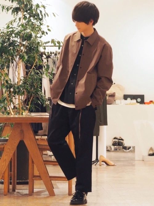 ブラウンのコーチジャケットに黒のシャツとテーパードパンツをあわせた、落ち着いた雰囲気のキレイめスタイルです。インナーとボトムスをブラックで統一しつつ、適度なゆるさのあるシルエットでこなれ感を演出しています。
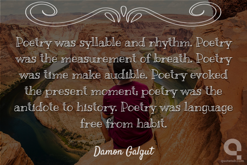 Poetry was syllable and rhythm. Poetry was the measurement of breath. Poetry was time make audible. Poetry evoked the present moment; poetry was the antidote to history. Poetry was language free from habit. Damon Galgut
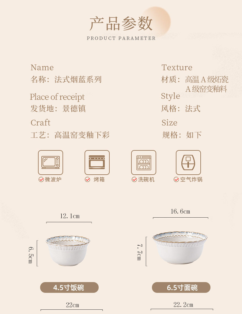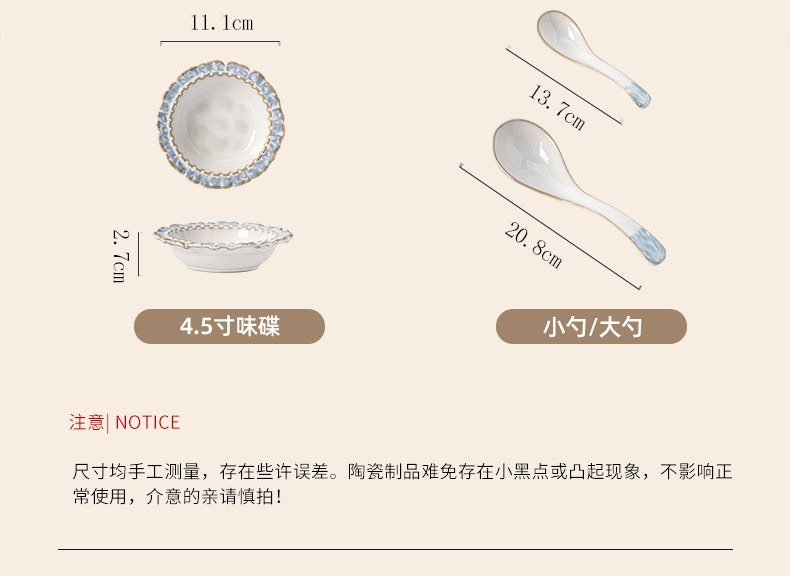 | Color | If you need [set], contact customer service to send a link,Lanyan-- 4.5inch rice bowl [upgraded to flat bottom],Lanyan-- 6.5inch noodle bowl [upgraded to flat bottom],Blueyan-- 6.25inch bone plate [upgraded to flat bottom],Lanyan-- 8.25inch disc [upgraded to flat bottom],Lanyan-- 8.75inch soup plate [upgraded to flat bottom],Lanyan-- 8.25inch square plate [upgraded to flat bottom],Lanyan-- 9.25inch soup bowl [upgraded to flat bottom],Lanyan-- 10.75inch disc [upgraded to flat bottom],Lanyan-- 12.5inch fish plate [upgraded to flat bottom],Blue-coffee cup [upgraded to flat bottom],Lanyan--cup and saucer set [upgraded to flat bottom],Blue-flavored dish [upgraded to flat bottom],Blue-small spoon,Blue-big spoon |

• Problem description
Reproduce the data above in full, exactly, with the images removed.

• Answer to the problem
 ブラウンのコーチジャケットに黒のシャツとテーパードパンツをあわせた、落ち着いた雰囲気のキレイめスタイルです。インナーとボトムスをブラックで統一しつつ、適度なゆるさのあるシルエットでこなれ感を演出しています。
 Poetry was syllable and rhythm. Poetry was the measurement of breath. Poetry was time make audible. Poetry evoked the present moment; poetry was the antidote to history. Poetry was language free from habit. Damon Galgut
 | Color | If you need [set], contact customer service to send a link,Lanyan-- 4.5inch rice bowl [upgraded to flat bottom],Lanyan-- 6.5inch noodle bowl [upgraded to flat bottom],Blueyan-- 6.25inch bone plate [upgraded to flat bottom],Lanyan-- 8.25inch disc [upgraded to flat bottom],Lanyan-- 8.75inch soup plate [upgraded to flat bottom],Lanyan-- 8.25inch square plate [upgraded to flat bottom],Lanyan-- 9.25inch soup bowl [upgraded to flat bottom],Lanyan-- 10.75inch disc [upgraded to flat bottom],Lanyan-- 12.5inch fish plate [upgraded to flat bottom],Blue-coffee cup [upgraded to flat bottom],Lanyan--cup and saucer set [upgraded to flat bottom],Blue-flavored dish [upgraded to flat bottom],Blue-small spoon,Blue-big spoon |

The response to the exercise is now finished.